* [Activity] For every record that follows, write out the text exactly and omit the picture, if one is present.

* [Exercise input]
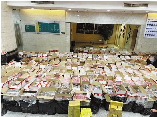 警方在现场查获作案用对讲机2台、点钞机1台、银行卡数张、作案手机4部,还查获一处存储假烟的窝点,查扣假烟9200条。
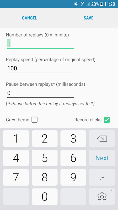 NOTE: The tap recorder is intended only for recording taps/clicks - not swipes or long presses, and also not clicks on the system buttons (Back, Home, Recent Activities). Also, the recorder is intended for recording sequences of taps within the same app (including all of its windows).
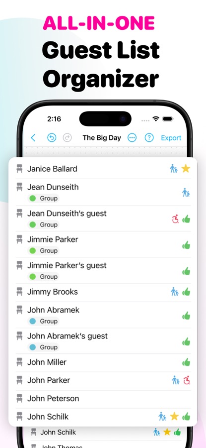 · Guest list builder. Keep track of RSVPs, see who’s coming, how many guests are VIPs or children.
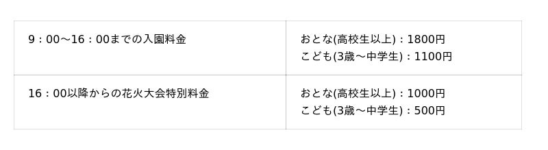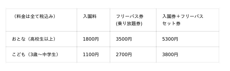 ※一部開園日で料金が変更することもございます。
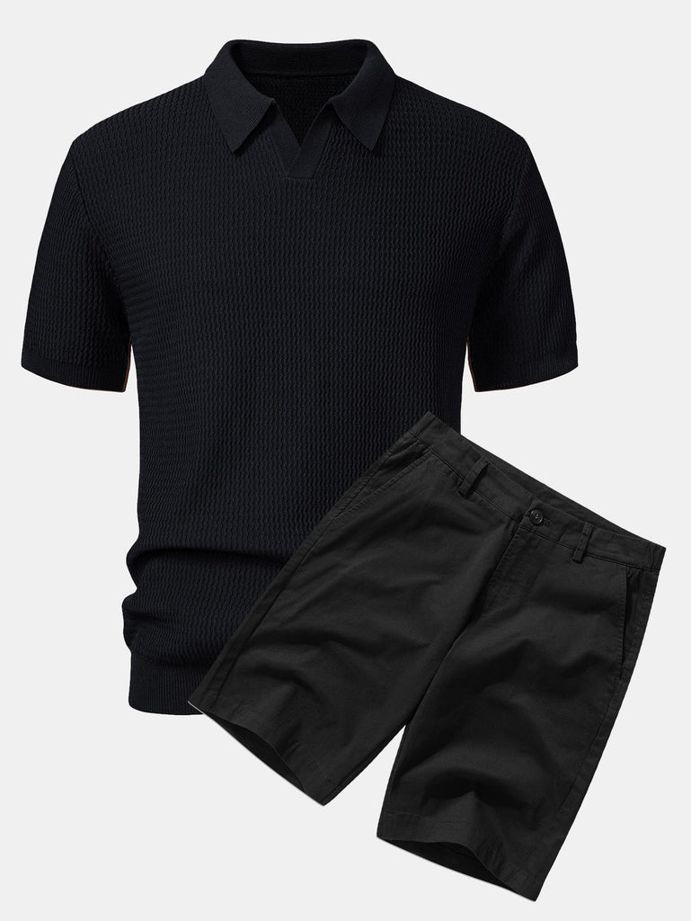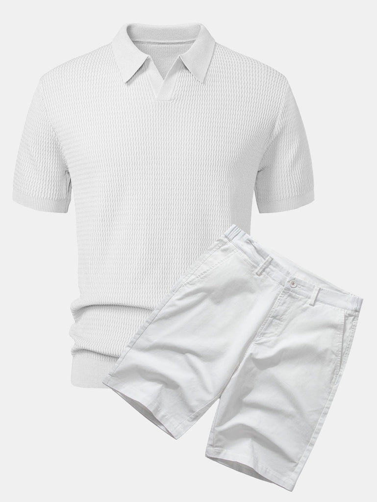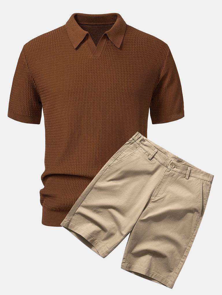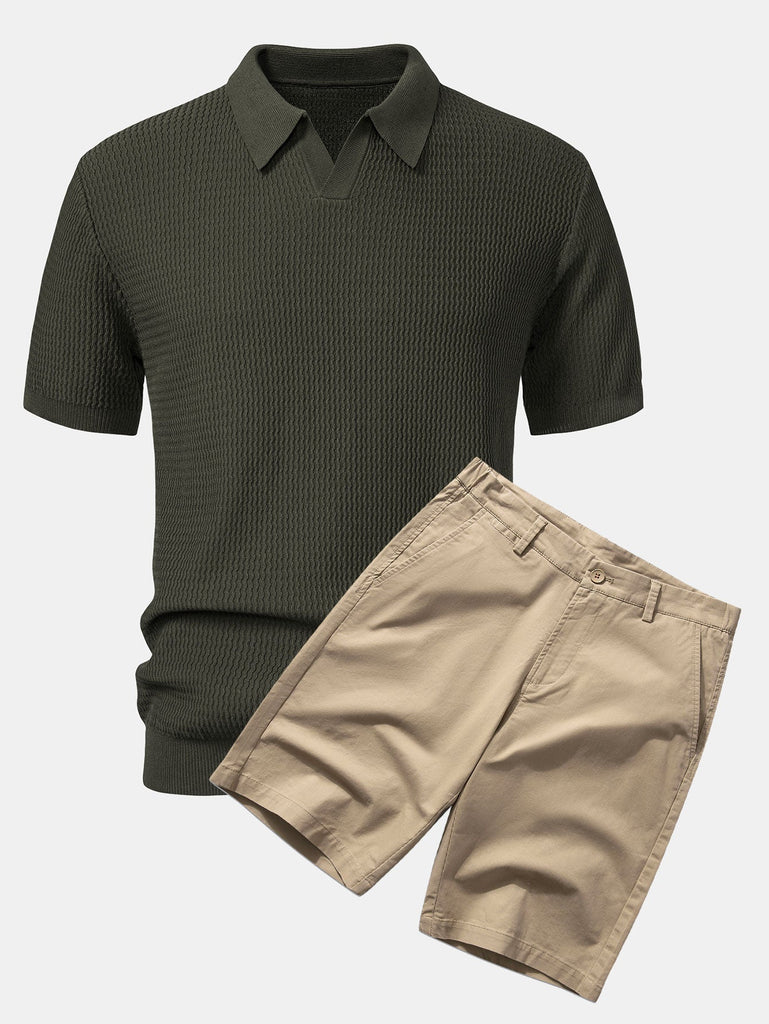 Wave Jacquard Knit V Neck Polo Shirt & Cotton Chino Shorts

* [Solution for this problem]
 警方在现场查获作案用对讲机2台、点钞机1台、银行卡数张、作案手机4部,还查获一处存储假烟的窝点,查扣假烟9200条。
 NOTE: The tap recorder is intended only for recording taps/clicks - not swipes or long presses, and also not clicks on the system buttons (Back, Home, Recent Activities). Also, the recorder is intended for recording sequences of taps within the same app (including all of its windows).
 · Guest list builder. Keep track of RSVPs, see who’s coming, how many guests are VIPs or children.
 ※一部開園日で料金が変更することもございます。
 Wave Jacquard Knit V Neck Polo Shirt & Cotton Chino Shorts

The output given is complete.